About this exercise:
From the listing that follows, reproduce only the lines from the one holding "This mini dress" through the one holding "The Membership Certificate", both included, with no pictures.

Source material:
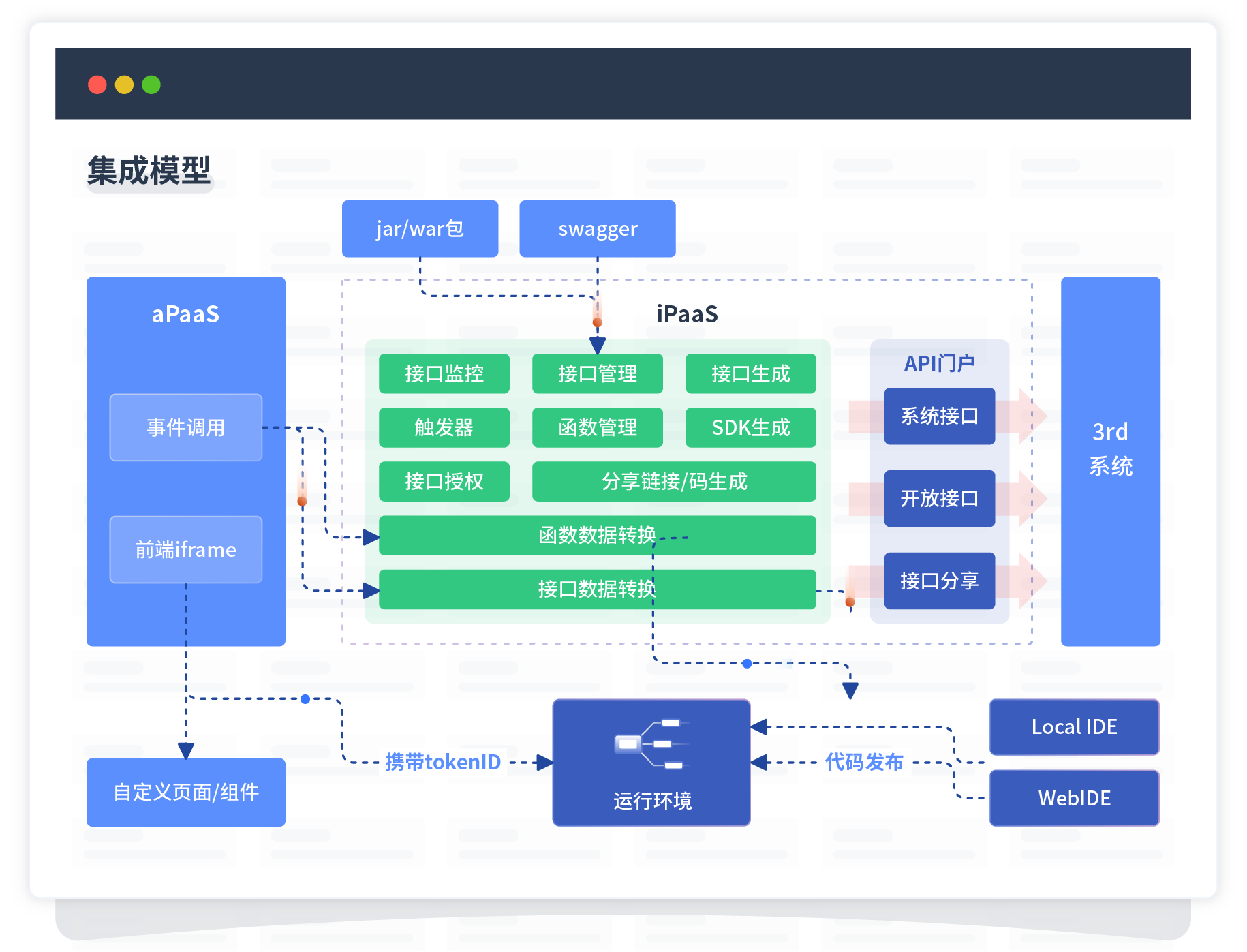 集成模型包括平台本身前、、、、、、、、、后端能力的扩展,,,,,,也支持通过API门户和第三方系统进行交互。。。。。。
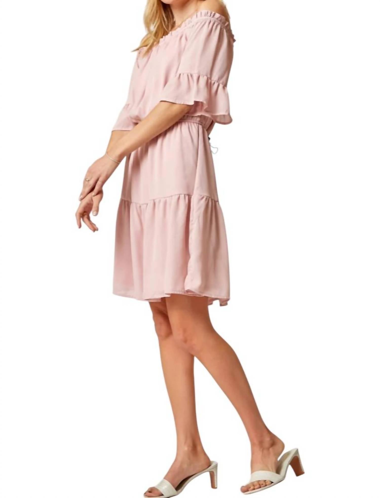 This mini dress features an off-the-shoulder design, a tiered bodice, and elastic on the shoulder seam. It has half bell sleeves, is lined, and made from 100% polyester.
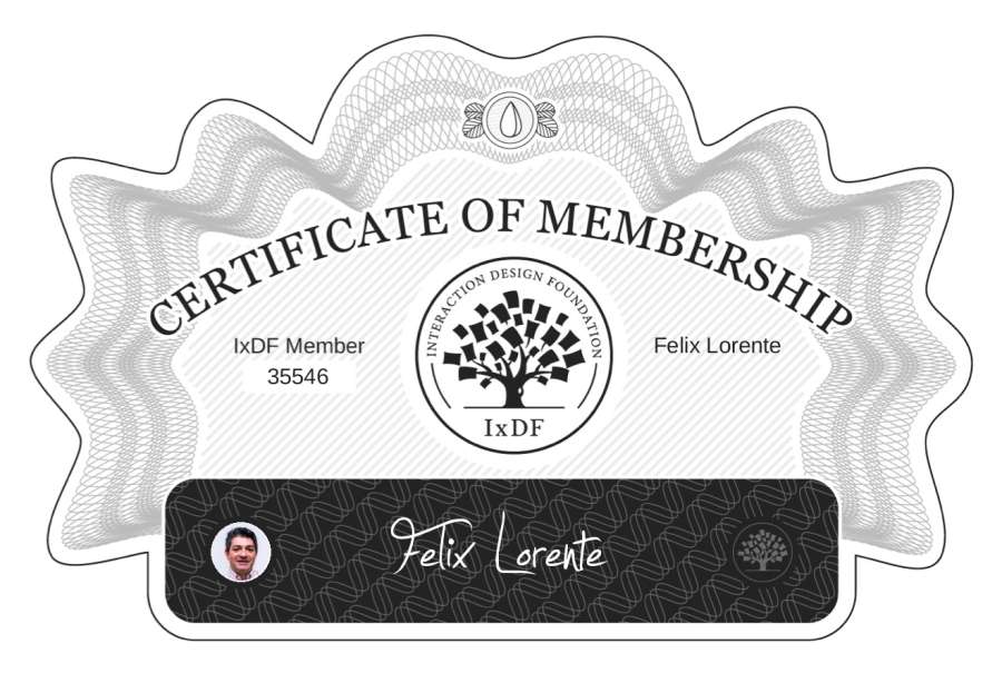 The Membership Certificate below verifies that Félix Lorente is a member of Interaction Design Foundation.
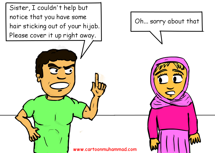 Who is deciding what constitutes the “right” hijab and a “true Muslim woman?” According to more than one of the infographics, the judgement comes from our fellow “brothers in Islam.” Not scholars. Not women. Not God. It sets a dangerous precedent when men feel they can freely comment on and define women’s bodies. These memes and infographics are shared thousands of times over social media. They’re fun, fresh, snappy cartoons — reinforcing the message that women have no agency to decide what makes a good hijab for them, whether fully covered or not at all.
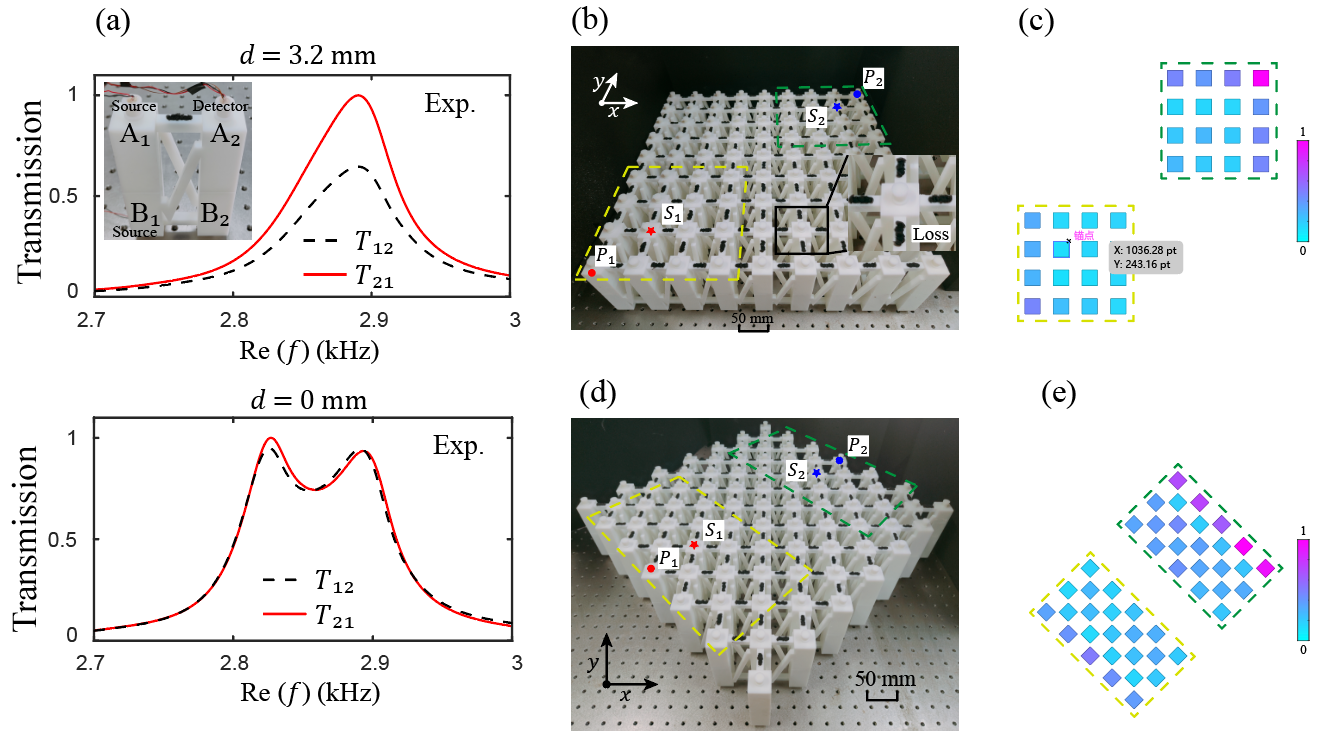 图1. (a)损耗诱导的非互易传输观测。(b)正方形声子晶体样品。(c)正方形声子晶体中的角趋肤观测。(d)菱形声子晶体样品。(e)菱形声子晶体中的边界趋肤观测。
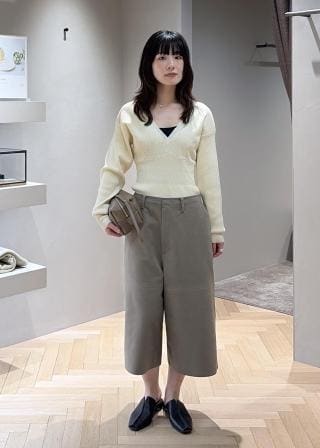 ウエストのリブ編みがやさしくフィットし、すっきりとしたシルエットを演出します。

Exercise output:
 This mini dress features an off-the-shoulder design, a tiered bodice, and elastic on the shoulder seam. It has half bell sleeves, is lined, and made from 100% polyester.
 The Membership Certificate below verifies that Félix Lorente is a member of Interaction Design Foundation.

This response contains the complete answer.